May 19, 2011 by Jennifer Saam

The term “hammertoe” is a broad term which refers to toes that are no longer straight.  The most classic form is when the bend in the toe is primarily in the first joint, or PIPJ, of the toe, causing that joint to raise up prominently, making it vulnerable to painful pressure from the toe box of your shoe.  Other times, it is the end joint, or DIPJ, which flexes down, which is called a “mallet toe”.  This type of hammertoe generally creates problems with pressure calluses and tenderness at the tip of the toe.

The causes can be multifactorial.  Basically, anything which can upset the delicate balance of tendons and muscles which keep the toes on the ground can create hammertoes.  Think of a marionette (string puppet), where pulling different strings will cause the puppet to move in different directions.  Your toes are very similiar, where the strings are the tendons located in your foot and leg, all working together.  If you have overpowering of one tendon or group of tendons, the toes will no longer be balanced and the joints will bend in a hammertoe position.

Having an arch which is excessively high or low can be associated with hammertoes.  Also, any foot type which changes the distribution of pressure across the ball of the foot, such as a bunion, can lead to the hammering of the smaller toes.  This is why your second toe can start to curl up if you have a bunion, even if the bunion is not hurting you.

Certain types of arthritis such as Gout or Rheumatoid Arthritis which damage the joint can destabilize the muscle-tendon balance and lead to hammertoes.  For these diseases, treating the underlying arthritis is critical as part of your overall treatment plan, and I often work closely with other medical professionals in these cases.

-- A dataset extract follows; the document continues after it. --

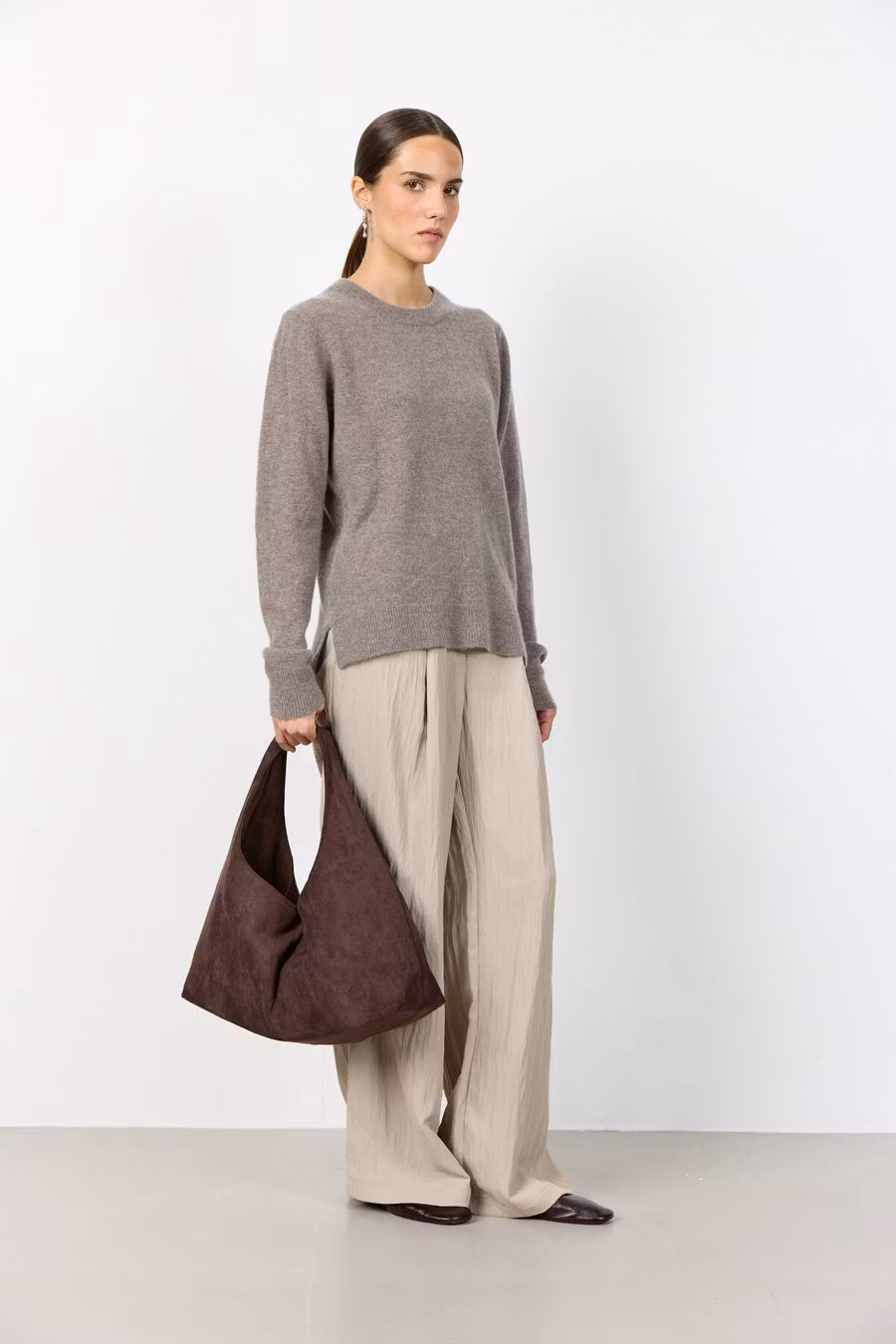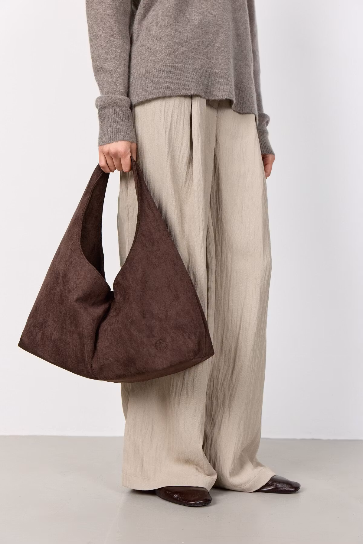 En klassisk mockaväska tillverkad av 100% polyuretan. Väskan har en rymlig interiör med en texturerad yta och ett slitstarkt handtag som gör den lätt att bära - både i handen och på axeln. Inuti finns ett fack med dragkedja som rymmer det allra viktigaste.

Nonsurgical therapy generally starts with choosing shoes which allow for more space around the toes.  There are also various pads and splints available which can help realign the toe, but these generally are more for comfort and do not provide permanent correction.  I carry several of these in my office, and many can be found at specialty shoe stores.  Addressing the overall alignment of the foot and supporting the arch with an orthotic can be helpful as well.

When non-surgical measures fail, there are procedures available to surgically straighten toes.  A thorough exam and X-ray evaluation is important in pinpointing both the cause as well as the best treatment plan.  Sometimes, other causative factors or foot deformities may need to be addressed at the same time to prevent re-occurance.